Sunday 18 July 2010

Music is my Life

I have a friend who hates the expression "music is my life" but in this case I mean it slightly differently to the way she hates when people use it. Music isn't something I need in my life, it isn't like breathing or eating - but music can sum up any day you're having, any emotion you're feeling, anything you're going through in life. No matter what the occassion, there is an appropriate song that you can put on, to suit the mood.

For years and years, pretty much the majority of my internet life, I've always been incredibly into music. When people have asked "what kind of music are you into?" I've never really been able to answer, other than, I'll listen to anything once. I have to admit to not particularly being into Rave, Heavy Metal, Rap etc but there are always exceptions to the rules. I try to take each song in its own right and see if I like it for itself, rather than its genre. On the whole though I like main stream pop, R&B, rock, and dance. Obviously again, within all of these there are songs that I don't like so much but if I was generalising, it would be these genres.

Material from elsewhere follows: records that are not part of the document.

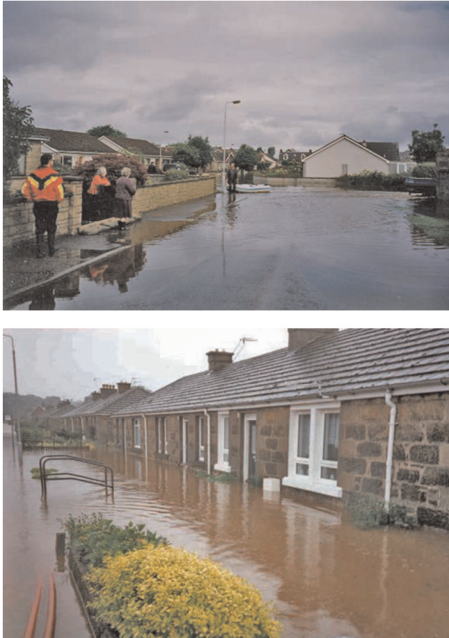
Figure 14.2 Flooding in Forres during the 1997 event

these are carried into urban area of Forres, where they are mostly deposited in Sanquhar Loch, which is an artificially impounded water body located on the southern edge of the town. The field survey further revealed that the Burn carries considerable quantities of organic debris, including leaves, twigs and large wood. The findings of the geomorphological assessment indicated that, to reduce the unacceptably high flood risk in Forres sustainably, it was essential to design a scheme that accounted for the dynamics of sediment and organic debris, as well as those of the floodwaters.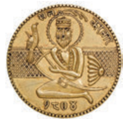
Guru Gobind Singh seated holding his falcon and an arrow, taken, 1747, Kapany Collection.

The Sikh Foundation supports Satnam Sarab Kalyan Trust in Punjab wherein instructions on Sikhism are imparted to over 150,000 school children.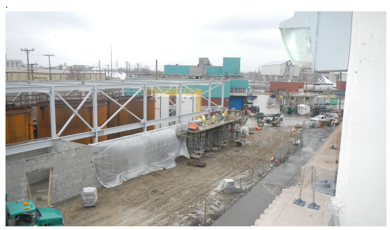
Hypo Building Construction

The construction of Rouge River Outfall Disinfection Project is progressing on schedule with a targeted construction completion date of April 1, 2019, as required by the NPDES permit. Current work efforts include the construction of the new hypo building and the installation of the chlorine piping for the secondary diffusers. WRRF Engineering is evaluating "green" parking lot improvements that if selected will be incorporated into the rebuilding of the parking lot in front of the New Administration Building.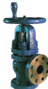
ANGLE VALVE — FLANGED Iron body, Fig. 3482-R Steel body, Fig. 3486-R (1 1/2", 2", 3 1/2")

Several years ago, I got out of the habit of listening to music often. It was partly to do with the people I no longer spoke to, partly to do with the life I lead (less driving, so less radio - no mp3 player, children to listen out for etc), and probably partly to do with the person I married. As much as I can fall in love with a tune, the music of a song, to me its always the lyrics that have stood out. For as long as I can remember, the words to a song have meant more than the song itself - and whilst the person I married was into music, it was never about the lyrics to them. So slowly over the years, I've detached myself from music, listen to it less, loved it less and relied on it less.

Recently, over the last few months, my love of music has flooded back. Again, this is probably to do with my change in circumstances. I have bought an iPhone and loaded it up with all the tunes I had on my laptop, along with all the ones I'd previously downloaded and saved to back up disks. Every day I try to fill my life with as much music as possible, often choosing to have it on over the TV or just silence.

Music is something that no one should live without, a little like love I suppose. The emotions that a song can evoke, the highs and the lows - you only have to look at movies and listen to their soundtracks, to realise how important music is to the emotions and mood of them.

This morning, an advert came on and the music in the background was Alexandra Burke's - All Night Long. I've been meaning to download the song for a while, so I used Shazam on my phone to locate it quickly (I LOVE SHAZAM BTW) and download it to my iPhone. As soon as I had it downloaded, I put it on and the urge to go dancing was incredible. In fact, in the end I had to turn it off, because the thought of going out and going dancing, actually made me feel pretty sad - but that's a whole other story I guess.

There are many songs in my life, that remind me of different people, different events, times in my life that I sometimes forget until I hear the song in question. Some make me happy and some make me sad, but either way I appreciate the actual function of feeling something. Sometimes my playlist can actually taunt me - do you ever get that? You put on your tunes, usually on a random shuffle, and then somehow it always manages to be songs that are currently relevant to your current situation or state of mind.

As you'll know, if you've read my previous entries, I'm currently going through a seperation from my husband of 5 years. Whilst the whole process is incredibly scary, underneath it all I feel liberated by it. For the first time in a long time, I feel like I'm remembering who I am again, I feel like I'm finding my feet again. Music was a huge part of my life before and slowly that seems to be coming back too.

I want to feel. I want to love. I want to be me. Even though sometimes those things will cause sadness, I want to just be grateful that I know who I am still and that I know what I want and need in life. Music is something I will never let go of again - along with the knowledge of WHO I AM.